[Start of Attachment]

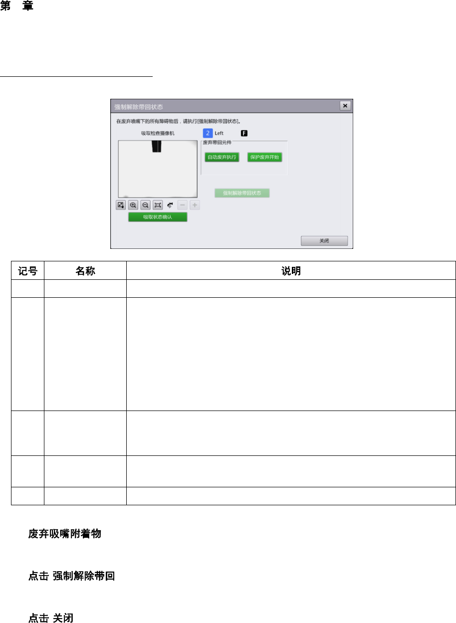4 操作篇 4-6 生产补助 120 [强制解除带回]对话框的操作 (a) 自动废弃执行 对发生了 带回错误的吸嘴执行元件废 弃动作后,解除元件吸取状态。 (b) 保护废弃开始 执行保护 废弃开始的处理后,显示切 换为保护废弃结束。 【保护废弃开始】 是为了手动清扫发生了 带回错误的吸嘴。 使左右的一次性更换台 车下降,解除安全护罩的锁 定,变为可手动开始元 件废弃作业的状态。 【保护废弃结束】 使左右的一次性更换台 车上升,锁定安全护…
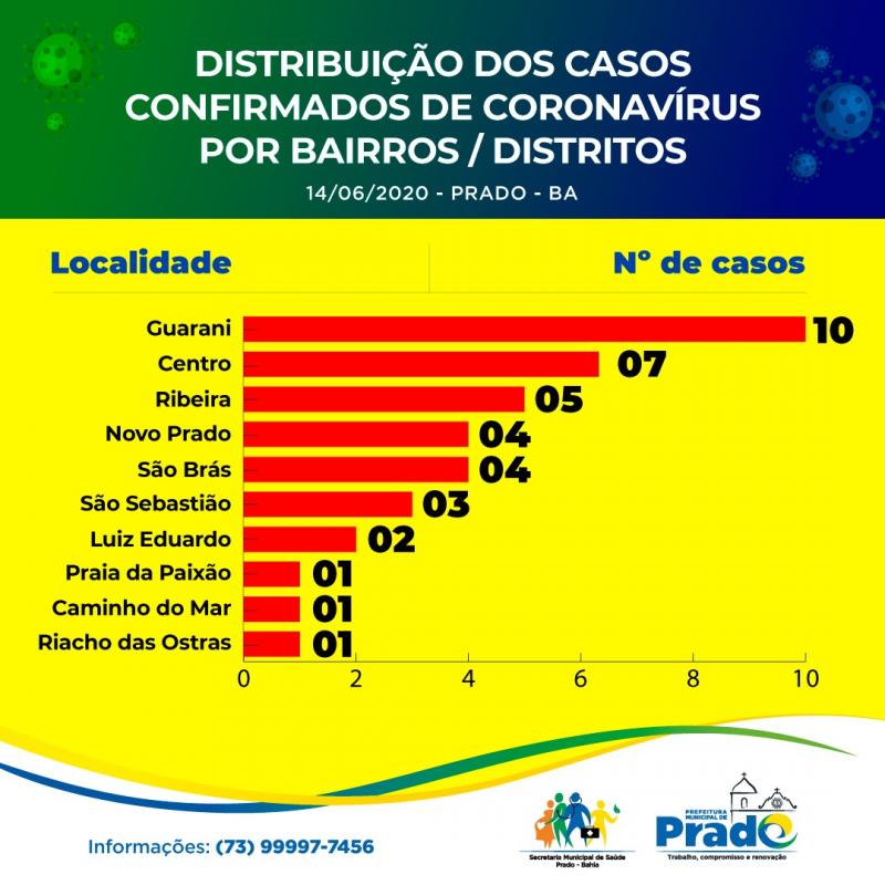 Cresce mais o número de casos positivos no município de Prado, agora são 38, como mostra o boletim epidemiológico deste domingo, 14 de junho.
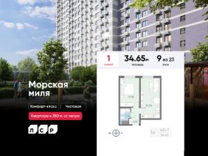 Продается 1-комнатная квартира в ЖК "Морская миля" на 9 этаже. Общая площадь составляет 34.65 кв. м. Квартира с чистовой отделкой. Жилой комплекс "Морская миля" располагается по адресу Санкт-Петербург, Красносельский.
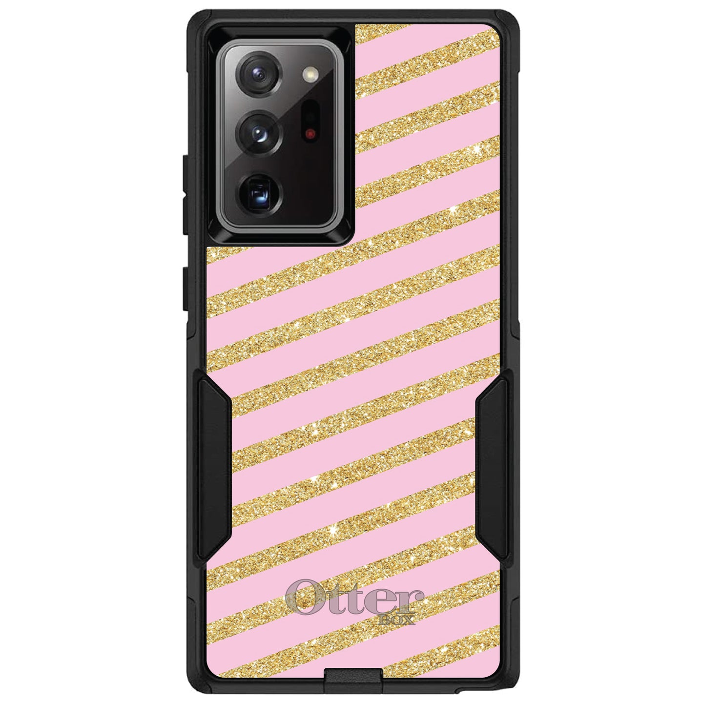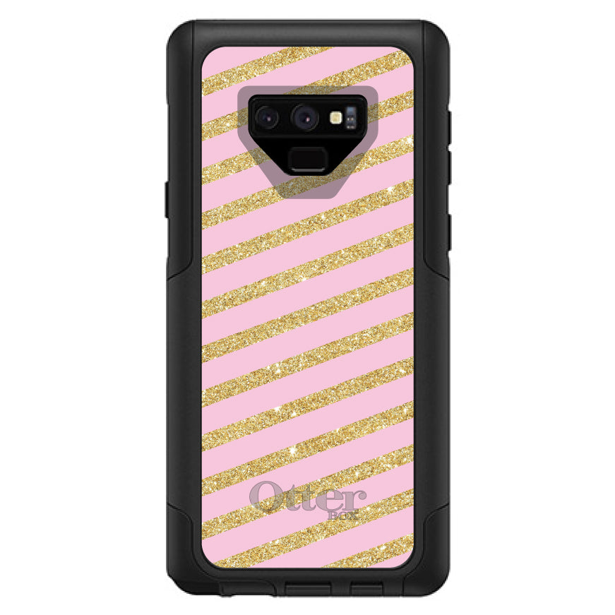 DistinctInk OtterBox Commuter Series Case for Apple iPhone or Samsung Galaxy - Pink & Gold Print - Diagonal Stripes Pattern

[End of Attachment]

▶ _WORK ITEM_: Copy exactly, and copy nothing else: the lines from the start of the data above through the line that holds "Cresce mais o". The pictures stay out.

▶ _FINAL ANSWER_:
4 操作篇 4-6 生产补助 120 [强制解除带回]对话框的操作 (a) 自动废弃执行 对发生了 带回错误的吸嘴执行元件废 弃动作后,解除元件吸取状态。 (b) 保护废弃开始 执行保护 废弃开始的处理后,显示切 换为保护废弃结束。 【保护废弃开始】 是为了手动清扫发生了 带回错误的吸嘴。 使左右的一次性更换台 车下降,解除安全护罩的锁 定,变为可手动开始元 件废弃作业的状态。 【保护废弃结束】 使左右的一次性更换台 车上升,锁定安全护…
 Cresce mais o número de casos positivos no município de Prado, agora são 38, como mostra o boletim epidemiológico deste domingo, 14 de junho.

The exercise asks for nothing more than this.